I understand that events in life don’t always follow a conventional path. There were some I graduated with who became parents before they even received their high school diploma. Some went straight to work, others went off to college. Some married in their twenties and some didn’t get married or have kids until well into their 40s, if at all. Every one has a different story. Some chose their circumstances while others didn’t. There’s no right or long way to do it. You have to take life as it’s thrown at you and not get hooked up with would haves and should haves.
Even though my children are grown, I still at times suffer from broken sleep.
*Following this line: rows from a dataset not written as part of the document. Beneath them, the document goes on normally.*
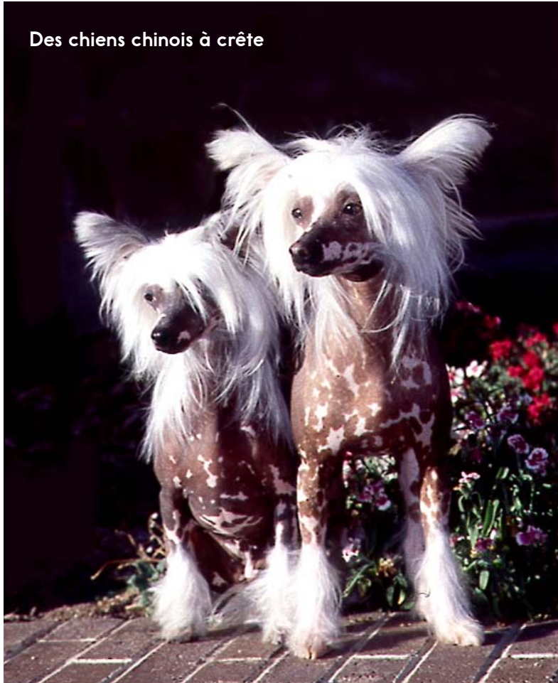
Des chiens chinois à crête

Le chien chinois à crête est chauve à l'exception de quelques touffes de poils sur la tête et les pattes. Sa peau est gris foncé avec des taches roses. Il a besoin de lotion solaire l'été. L'hiver, il a besoin de porter un manteau pour rester au chaud.
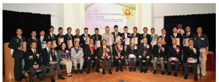
香港警務處獲救生星章人士
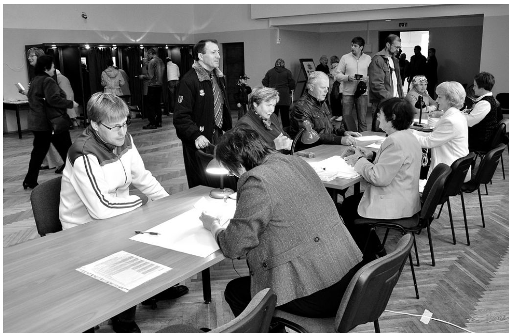
Vecumnieku vēlēšanu iecirknī brīžiem ļaužu pieplūdums bija tik liels, ka cilvēki stāvēja rindā.

17. septembrī Vecumniekos notika rudens tirgus. Apskatījuši piedāvājumu, ļaudis steidzās uz tautas namu novēlēt un pēc tam atgriezās, lai iegādātos nolūkoto preci. Arī pārdevēji, palūguši kaimiņam pieskatīt savu mantību, sameklēja pasi un devās uz iecirkni. Lai gan tirgo-

During college breaks we battle with conflicting sleep cycles, my husband and I are trying to actually sleep at midnight, while the young crowd goes in and out of the front door all night long. We get woken up to the sound of the microwave bell going off announcing the popcorn is ready at 2 am and the aroma of pizza coming from the oven. On the up side, they do their own laundry, feed themselves and call the doctor if they’re not feeling well and drive themselves to the appointment. I no longer have to be involved in any of that and I’m really okay with it.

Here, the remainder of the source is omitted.